Improving Factuality and Reasoning in Language Models through Multiagent Debate
Published: April 3, 2024
Paper Title: Improving Factuality and Reasoning in Language Models through Multiagent Debate
Link to Paper: https://arxiv.org/abs/2305.14325
Date: 23. May 2023
Paper Type: NLP, LLM, RL, LLM-Agents
Short Abstract:
This paper investigates the usage of multiple LLMs as agent that debate between each other, to improve the quality of responses and reduce hallucinations.
1. Introduction
There have been done much research into how to increase the capabilities of LLMs and increase their responses in quality and accuracy. But much of the research has focused on how to improve a single LLM or a single mind.
In this paper, the authors instead propose an approach based on The Society of Mind and multi-agents setting, where multiple LLM instances debate each other responses and their reasoning steps. Specifically, given a query, multiple instances of a LLM generate and output to query and then each instance reads an critics the responses of all the other models.
There are multiple other similar approaches like CoT, I wonder how much of the performance gain is through the exact technique they used and how much is because the LLM just get more time to “think”/calculate.
Their method doesn’t need model-internal information, instead it views the LLMs as black box. Which enables the method to be used on LLMs with public interfaces.
To evaluate the accuracy of their method, they introduce a new benchmark called “Biography” in which LLMs need to create biography for famous scientist. This is also helpful to evaluate hallucinations.
2. Language Generation through Multiagent Debate
2.1 Multiagent Generation
When thinking about how a human solves a math problem, we often try multiple different paths to the solution and if they agree all, we can be pretty confident that our solution is correct. Similar when writing a biography, you would take multiple sources into consideration, which can provide different facts, or can confirm each other facts. We take advantage of this for our LLMs.
To imitate the above method, we use multiple instances of LLMS. Each response serves as a thought or source of information.
We first let the LLMs respond to the user query, after which a round of debate is initiated between the agent. Where we concatenate the responses of the different agents, give them as context to the agents and ask them to improve their prior response based on the context, by using the prompt from Figure . This process can be iteratively repeated.
2.2 Consensus in Debates
How can we ensure that our LLMs come to a consensus? The debate can be seen as a multi-agent game, where convergence is not guaranteed.
Experimentally the authors find, that most of the times the LLMs do converge on a single answer.
3. Experiments
3.1 Reasoning
Tasks
They evaluate their methodology on increasingly harder benchmarks:
- Arithmetic, solving simple arithmetic expression.
- GM8K, solving mathematical reasoning tasks.
- Chess Move Prediction, predict the next best chess move.
They compare three different methods:
- Directly producing the output
- Generate and then Self-Reflect on their responses
- Using Multiple agents and majority voting
They evaluate in zero-shot setting and use chatGPT as base model.
In addition they also find that multi-agent generation has compatibility with other methods such as CoT.
3.2 Extracting Information
Tasks
They evaluate their methodology on three different benchmarks:
- Biographies, accurately generating biographies.

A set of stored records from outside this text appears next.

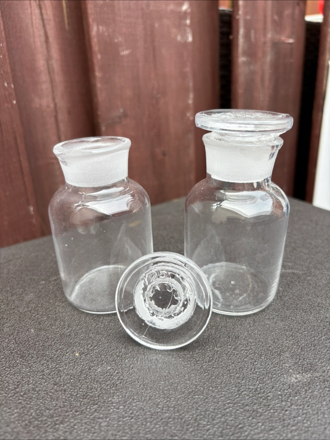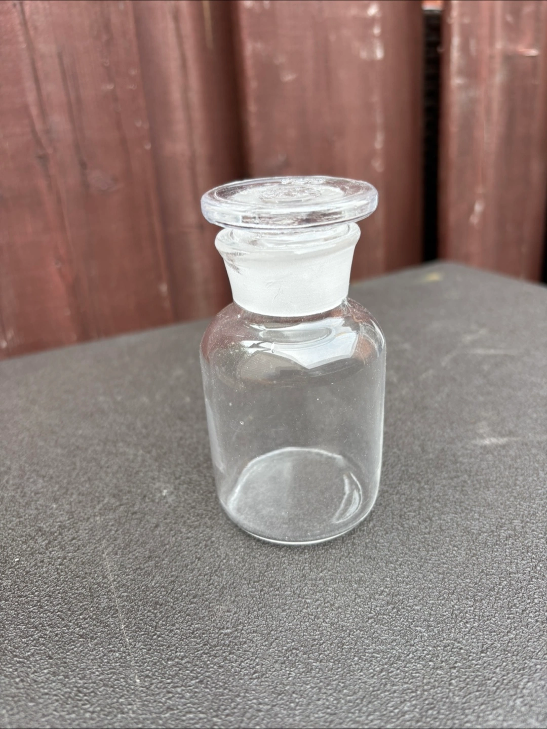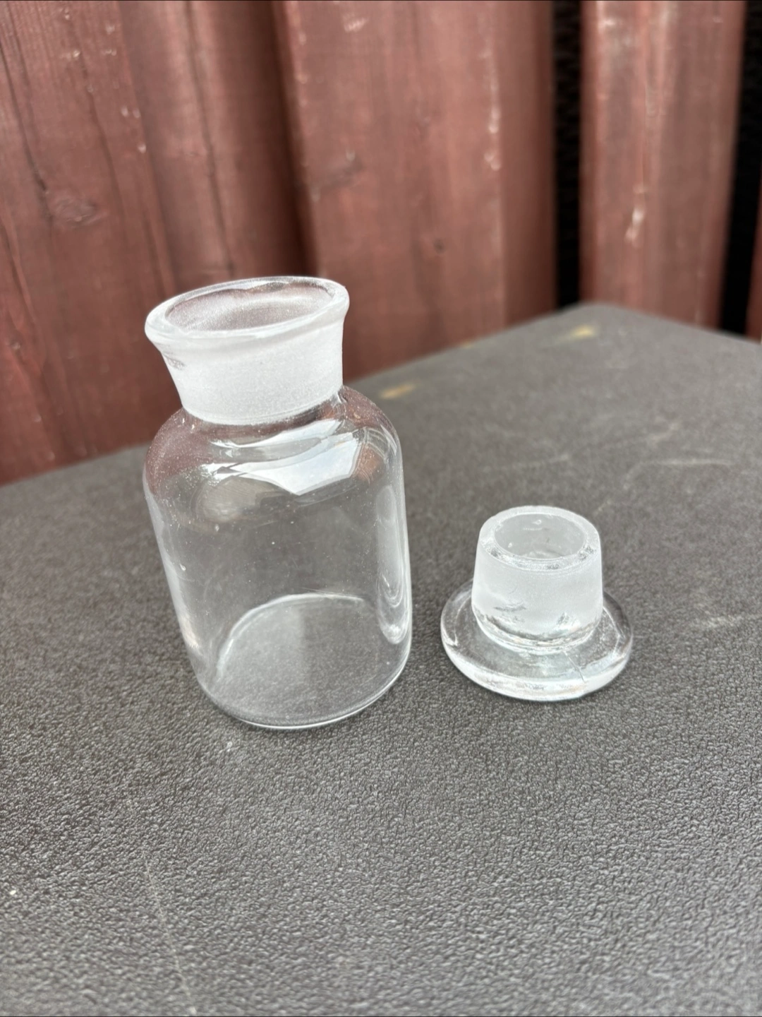 941A small glass bottle with a glass stopper. Clear glass body. The stopper fits snug. This jar could be used to store your favourite essential oils etc. $2 each. I have 13 bottles, $20 for all 13.
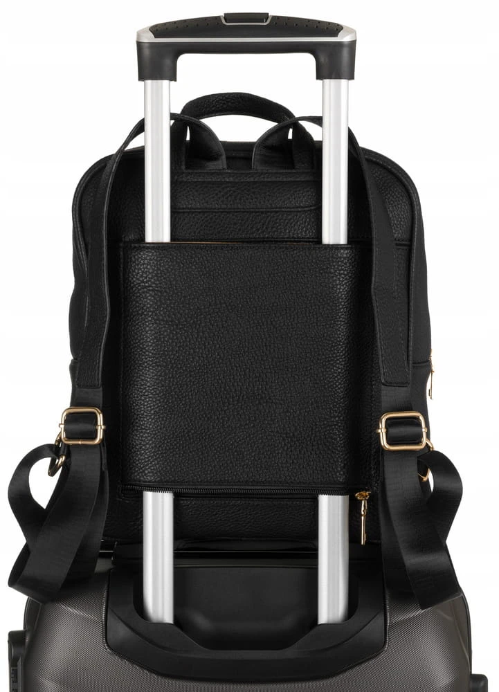 Tylna kieszeń ma dodatkową funkcję - po odsunięciu zamka zmienia się w uchwyt na walizkę.
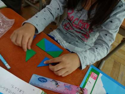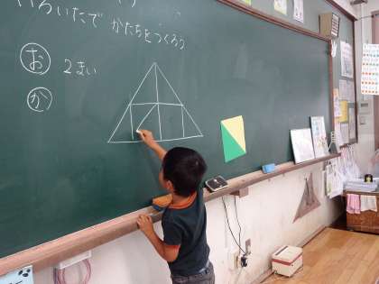 算数で,「かたちづくり」の学習に入りました。色板をつかっていろいろな形を楽しみながらつくることで,図形を構成する力を伸ばすことをねらいとしています。
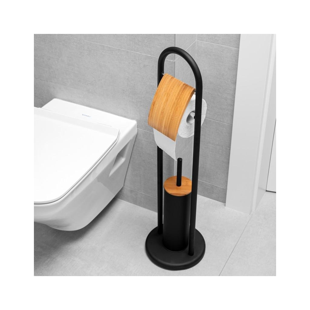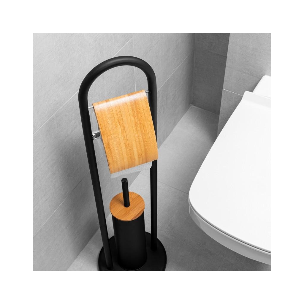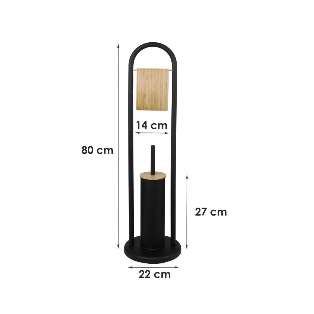 WC-állvány WC-kefével és WC-papír tartóval, füllel. Kiváló minőségű fekete porszórt acélból készült. Természetes bambuszfából készült díszítőelemek. A WC kefe műanyag tartálya véd a rozsdától és megkönnyíti a tisztítást. A csúszásgátló talp nagy stabilitást biztosít az állványnak.
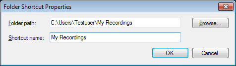 Alle Mediendateien sind in Ordnern organisiert. Wenn die Anwendung gestartet wird, wird ein Ordner mit dem Namen "Meine Aufzeichnungen" in "Eigene Dateien" erstellt. Wenn Sie eine Bildschirmaufnahme erstellen, wird sie standardmäßig im Ordner "Meine Aufnahmen" gespeichert. Sie können eine Ordnerverknüpfung zu jedem auf Ihrem PC vorhandenen Ordner erstellen.
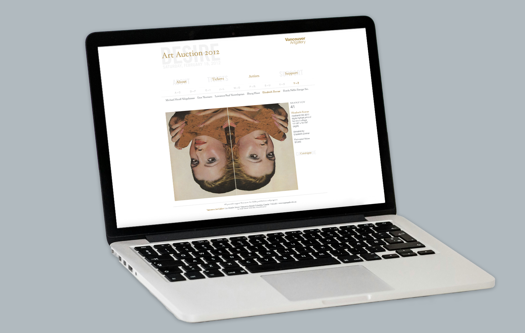This was the online auction catalogue and event site for the 2012 Vancouver Art Gallery Auction and Gala, Desire. I created a simple HTML microsite to showcase the works up for auction, provide ticket pricing and event information, recognize sponsors, and present the auction catalogue, which included trips and other luxury items. The Vancouver Art Gallery Art Auction is the Gallery’s signature annual fundraising event, designed to engage the public and secure donor support. Proceeds from the event support the Gallery’s exhibitions and programs.
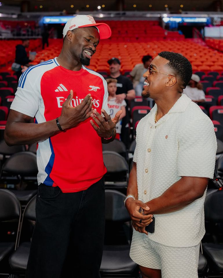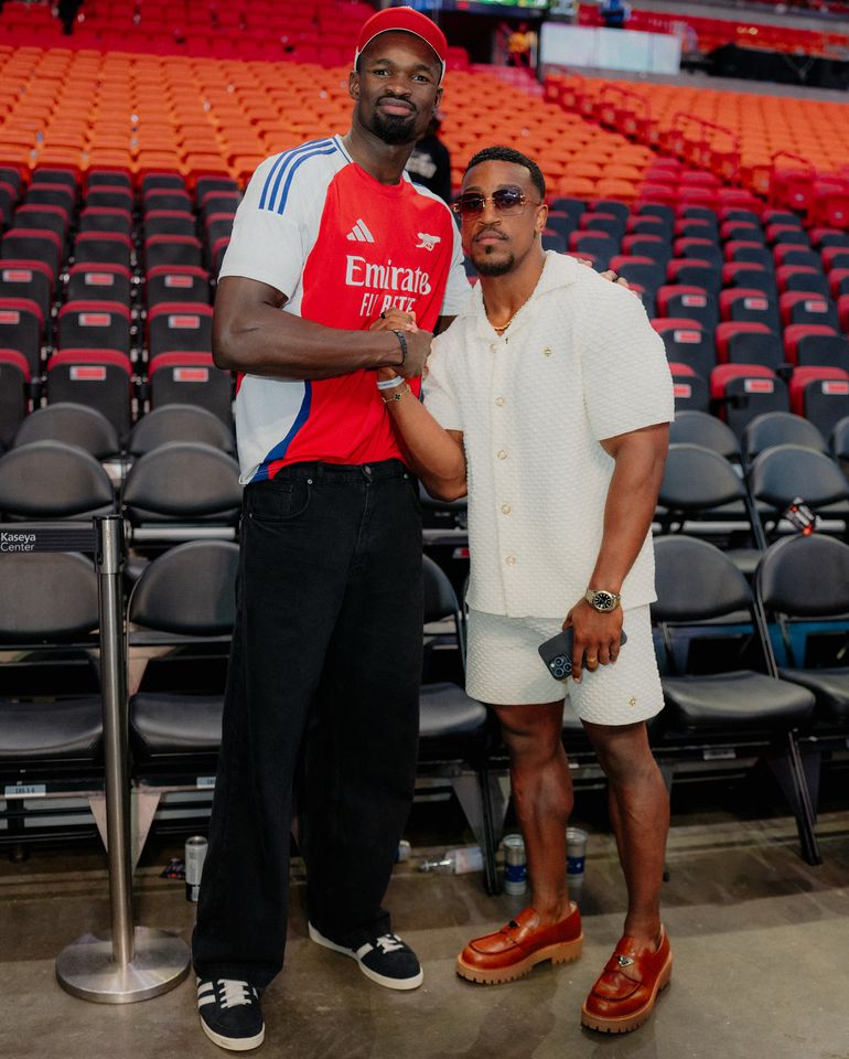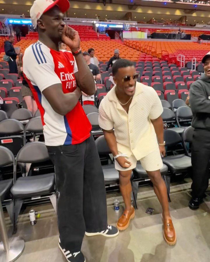 The images from the Sixers vs. Heat game show Bona, towering in his Arsenal jersey, standing alongside Hall, who sported a casual white button-up and shorts combo.
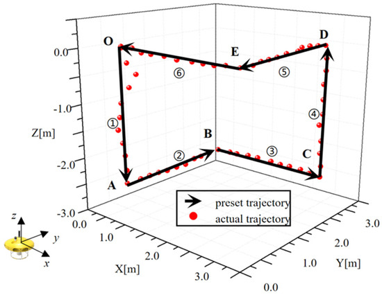 In order to verify the feasibility of the control algorithm, an experiment to test mobility was carried out in a swimming pool. A preset route was designed and input into the control system of the AUH, and the route was quite challenging as it had sharp turning and attitude adjustment. In the preset task, the AUH is supposed to follow the route through attitude adjustment and vectoring propulsion. As shown in Figure 13, the trajectory started at point O; AUH was designed to dive to Point A and then cruise to point B. After that, AUH turned 90° clockwise and cruised to point C. At point C, AUH came up to point D, and then it cruised to point E. At point E, AUH turned 90° clockwise and finally returned to point O. The whole route mainly involves variations in yaw. A comparison was made between the preset route and the actual route, and the result is shown in Figure 13. Yaw angle was also recorded in real time and compared with the preset value, as shown in Figure 14. The actual route and heading angle agree well with preset values, validating the fuzzy control algorithm.
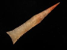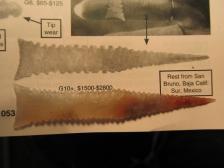 To quote Monty Python, "and now for something completely different". This is southwestern style San Bruno point, a type found down into the Mexico Baja area. Not tried one of these before so I was pleased with this first one out of the chute. Material is pigeon blood agate with red in the tip area but a mostly clear body. I laid this down on the page in the Overstreet artifact type book for comparison as you can see in the last photo. This was actually kind of tricky to do almost like a Hohokam point. So, for you SW point fans, here you go..... |

- MLMU, for factual knowledge.
- Chess Move Validity, an agent is given a set of next moves and must make a valid one. This investigates hallucinations.
3.3 Ablation Study
Besides ChatGPT they also try Bard as base model and find it also improves the performance of the Bard Model.
4. Conclusion
This paper presents a method to increase the performance of LLMs through debate, they find that the method helps performance in various tasks.